What this task involves:
Copy out all the lines of the data precisely, omitting any pictures.

Records for the exercise:
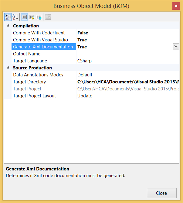 Note: The Generate Xml Documentation property is on the BOM Producer as it's the BOM Producer which generates the actual XML comments. The documentation sub-producer focuses on creating all the corresponding Messages in the _doc class, which are then translated by the BOM Producer into XML remarks.
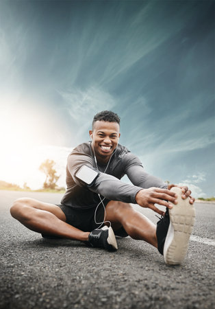 Athlete, man and stretching at stadium for fitness, exercise and getting ready for marathon. Male person, relax and warm up muscles for training, runner workout and preparation of sports competition
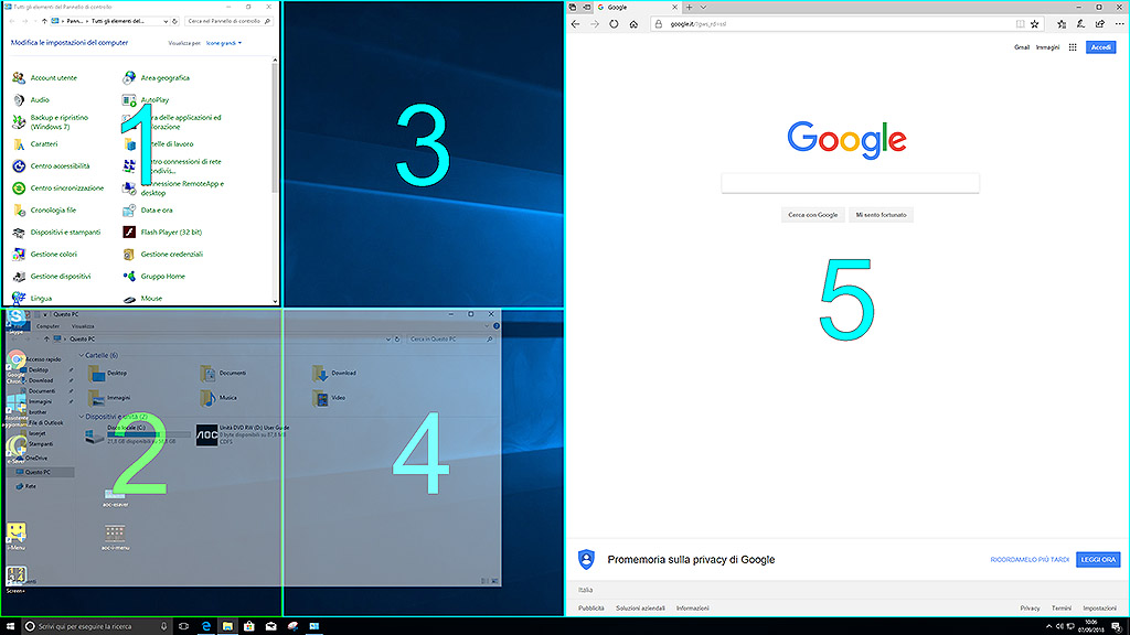 AOC Screen+ è invece un software pensato per accelerare la produttività multitasking. Attraverso una serie di maschere predefinite consente di posizionare rapidamente programmi, App e finestre sulla matrice prescelta, memorizzandone il posizionamento.
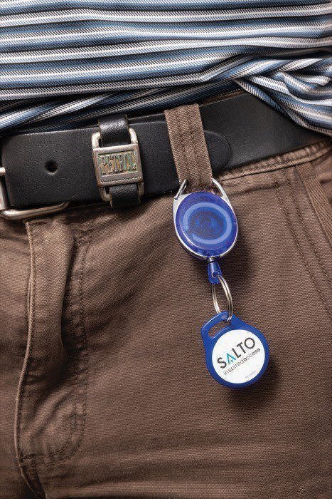 Llavero corporativo con clip enrollable y mosquetón para un acceso rápido y seguro
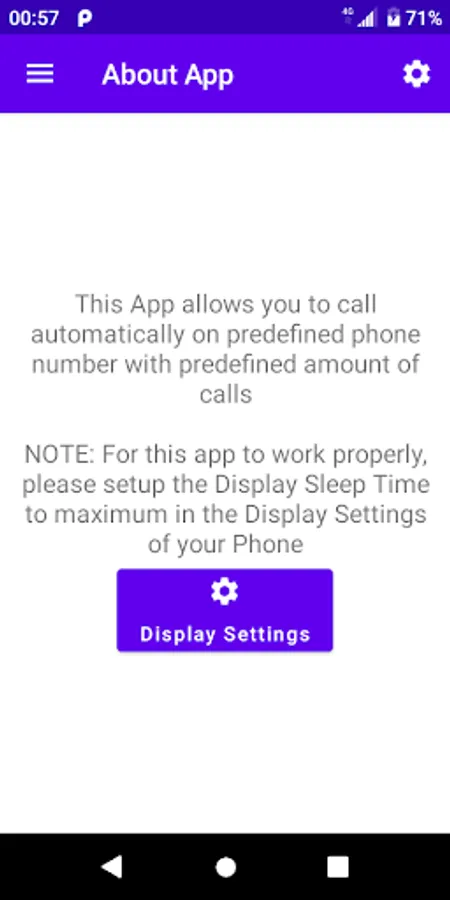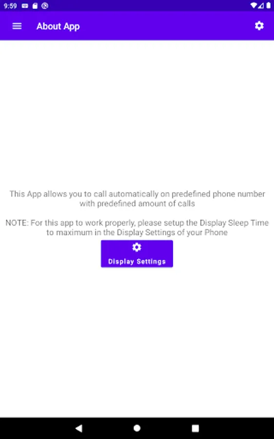 NOTE: For this app to work properly, please setup the Display Sleep Time to maximum in the Display Settings of your Phone
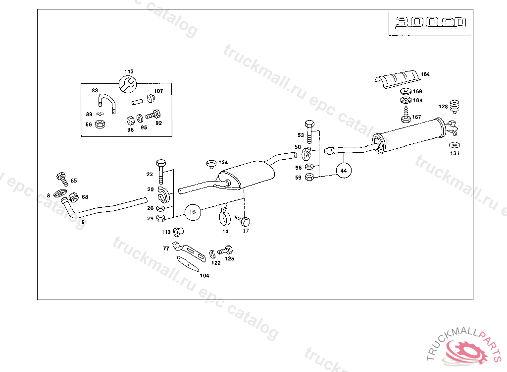 EXHAUST MUFFLER WITH PIPE REAR, 033 063891 FEDERAL ALSO INSTALLED ON 055239,061638,061696,062935,062964. 033 068873 CALIFORNIA ALSO INSTALLED ON 063285,063290 123 149292-410935 FEDERAL ALSO INSTALLED ON 142621,143256,143516,144274,144277,144302,144557,145496,146832,147929,149171,149201,149219. 123 149279-410935 CALIFORNIA ALSO INSTALLED ON 135619,144819 130 164521 FEDERAL ALSO INSTALLED ON 158847,159667,161729,161879,164216,164226,164273,164333,164372,164387,164410. 130 164507 CALIFORNIEN ALSO INSTALLED ON 138827,160568,161559,164179,164227,164306,164312,164324,164384,164391,164409,164482.
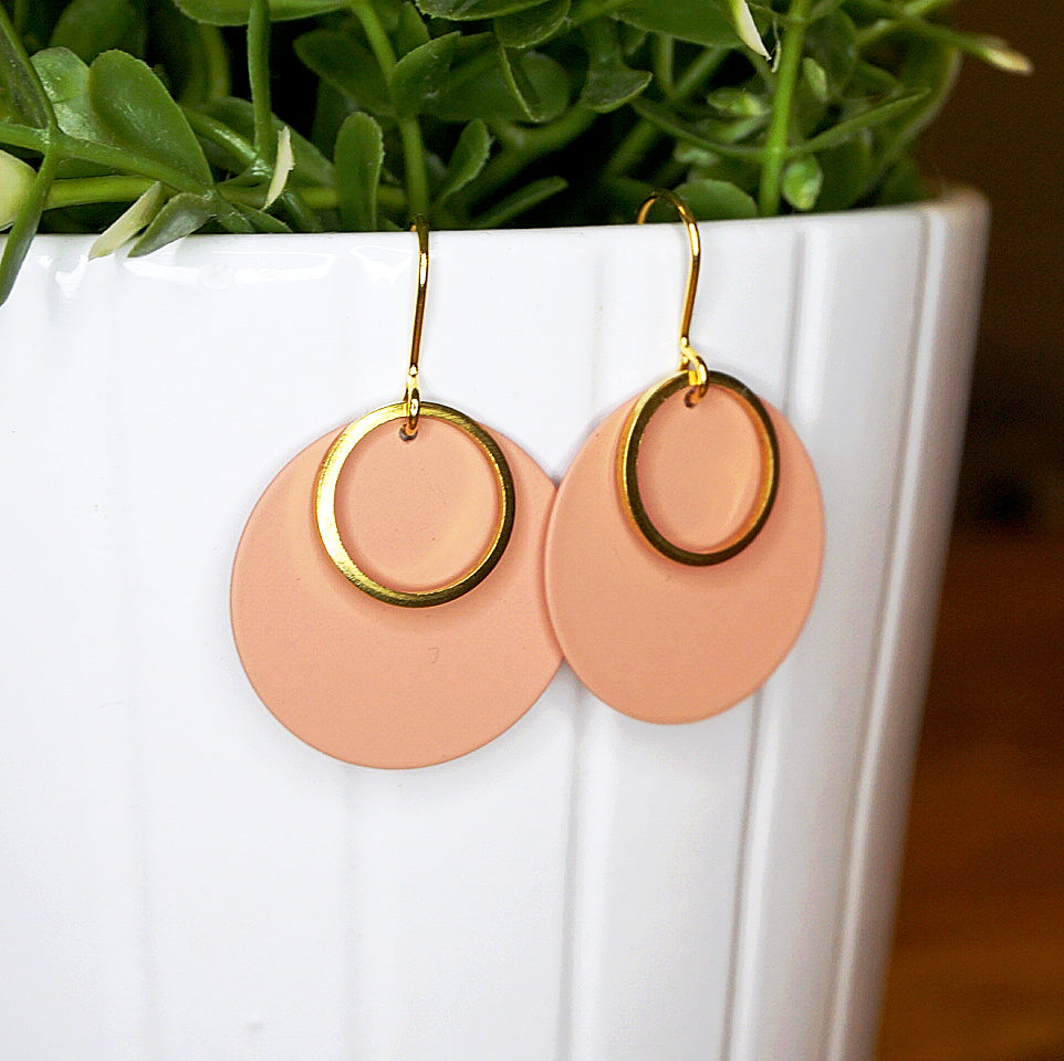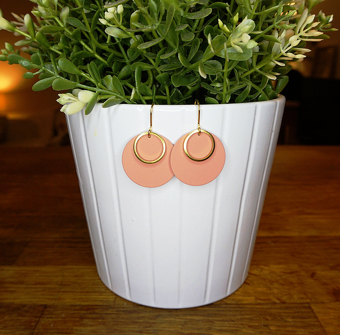 Handmade earrings | Simple yet striking - a bold, colourful disc (powder coated) set with reflective brass hoops to complement each other and create a beautiful geometric piece. Perfect for daytime confidence, dinner or to dress-up for a fiesta and dance through the night.
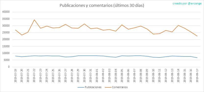 Estos gráficos muestran la evolución de las publicaciones y comentarios por el tiempo de vida útil de la blockchain y durante los últimos 30 días.
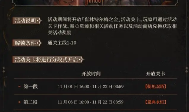活动将分为三个阶段进行。第一阶段是“朝见双塔”,预计在11月1日开放。这一阶段将包含大约9个关卡,玩家们需要面对的是相对简单的敌人,适合快速适应和熟悉新活动模式。同时,这一阶段也是获取活动道具和资源的好时机,为后续的挑战做好准备。
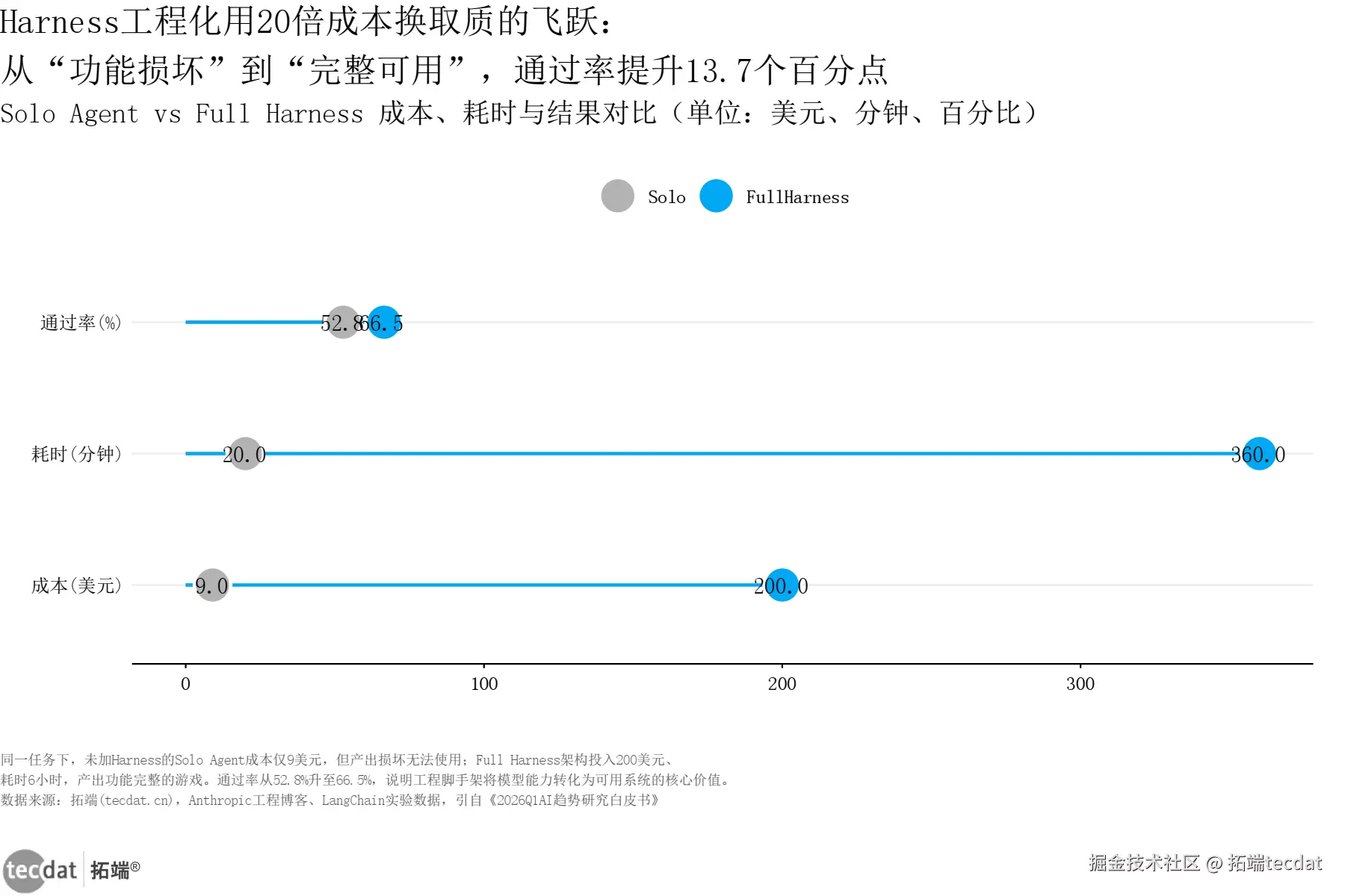 报告中的一组实验数据极具说服力:同一个任务,让一个裸奔的 Solo Agent 去干,成本只要 9 美元,20 分钟就跑完了,但产出是损坏的,根本没法用;而穿上了 Harness“全副武装”的 Agent,虽然成本飙升到 200 美元,耗时 6 小时,但产出的成果功能完整、可以直接交付。20 倍的成本差,换来的不是“更好”,而是“能用”和“不能用”的本质区别。
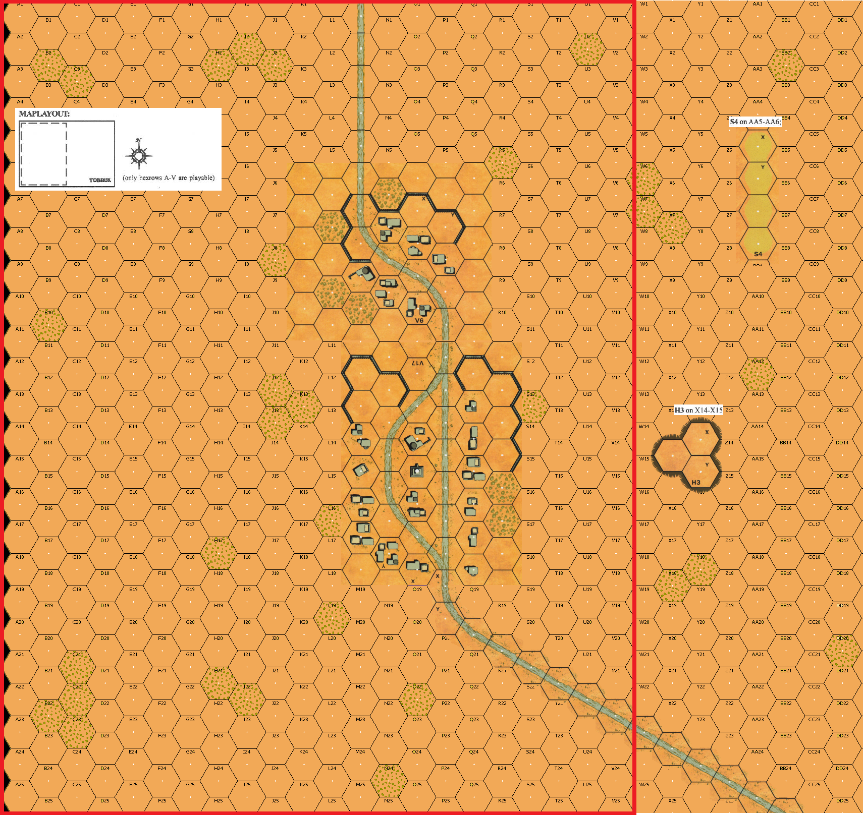 | Misc Rules: | A: OBA must be used as Creeping Barrage w D: Gun crews must set up in Scrub hexes |
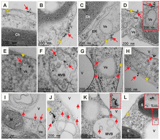 Ultrastructure of Arabidopsis protoplasts treated with (−) AuNPs (A–L). (−) AuNPs passed through the PM that provided the first barrier between the environment and cytoplasm. (−) AuNPs were detected on the PM surface, bound to the PM or in cytoplasm just below PM (A,B,H). They were also mostly found in the vesicles or in the vicinity of the vesicles (C,D,E,G), in the multivesicular bodies (I), in the cytoplasm (G,H,J) or in the vacuole (H,V,J,K,L); red arrows indicate the presence of AuNPs; yellow asterisks indicate plasma membrane barrier; Ch—chloroplast; ER—endoplasmic reticulum; M—mitochondria; MVB—multivesicular body; S—starch grain; V—vacuole; Ve—vesicle.

Response box:
 Note: The Generate Xml Documentation property is on the BOM Producer as it's the BOM Producer which generates the actual XML comments. The documentation sub-producer focuses on creating all the corresponding Messages in the _doc class, which are then translated by the BOM Producer into XML remarks.
 Athlete, man and stretching at stadium for fitness, exercise and getting ready for marathon. Male person, relax and warm up muscles for training, runner workout and preparation of sports competition
 AOC Screen+ è invece un software pensato per accelerare la produttività multitasking. Attraverso una serie di maschere predefinite consente di posizionare rapidamente programmi, App e finestre sulla matrice prescelta, memorizzandone il posizionamento.
 Llavero corporativo con clip enrollable y mosquetón para un acceso rápido y seguro
 NOTE: For this app to work properly, please setup the Display Sleep Time to maximum in the Display Settings of your Phone
 EXHAUST MUFFLER WITH PIPE REAR, 033 063891 FEDERAL ALSO INSTALLED ON 055239,061638,061696,062935,062964. 033 068873 CALIFORNIA ALSO INSTALLED ON 063285,063290 123 149292-410935 FEDERAL ALSO INSTALLED ON 142621,143256,143516,144274,144277,144302,144557,145496,146832,147929,149171,149201,149219. 123 149279-410935 CALIFORNIA ALSO INSTALLED ON 135619,144819 130 164521 FEDERAL ALSO INSTALLED ON 158847,159667,161729,161879,164216,164226,164273,164333,164372,164387,164410. 130 164507 CALIFORNIEN ALSO INSTALLED ON 138827,160568,161559,164179,164227,164306,164312,164324,164384,164391,164409,164482.
 Handmade earrings | Simple yet striking - a bold, colourful disc (powder coated) set with reflective brass hoops to complement each other and create a beautiful geometric piece. Perfect for daytime confidence, dinner or to dress-up for a fiesta and dance through the night.
 Estos gráficos muestran la evolución de las publicaciones y comentarios por el tiempo de vida útil de la blockchain y durante los últimos 30 días.
活动将分为三个阶段进行。第一阶段是“朝见双塔”,预计在11月1日开放。这一阶段将包含大约9个关卡,玩家们需要面对的是相对简单的敌人,适合快速适应和熟悉新活动模式。同时,这一阶段也是获取活动道具和资源的好时机,为后续的挑战做好准备。
 报告中的一组实验数据极具说服力:同一个任务,让一个裸奔的 Solo Agent 去干,成本只要 9 美元,20 分钟就跑完了,但产出是损坏的,根本没法用;而穿上了 Harness“全副武装”的 Agent,虽然成本飙升到 200 美元,耗时 6 小时,但产出的成果功能完整、可以直接交付。20 倍的成本差,换来的不是“更好”,而是“能用”和“不能用”的本质区别。
 | Misc Rules: | A: OBA must be used as Creeping Barrage w D: Gun crews must set up in Scrub hexes |
 Ultrastructure of Arabidopsis protoplasts treated with (−) AuNPs (A–L). (−) AuNPs passed through the PM that provided the first barrier between the environment and cytoplasm. (−) AuNPs were detected on the PM surface, bound to the PM or in cytoplasm just below PM (A,B,H). They were also mostly found in the vesicles or in the vicinity of the vesicles (C,D,E,G), in the multivesicular bodies (I), in the cytoplasm (G,H,J) or in the vacuole (H,V,J,K,L); red arrows indicate the presence of AuNPs; yellow asterisks indicate plasma membrane barrier; Ch—chloroplast; ER—endoplasmic reticulum; M—mitochondria; MVB—multivesicular body; S—starch grain; V—vacuole; Ve—vesicle.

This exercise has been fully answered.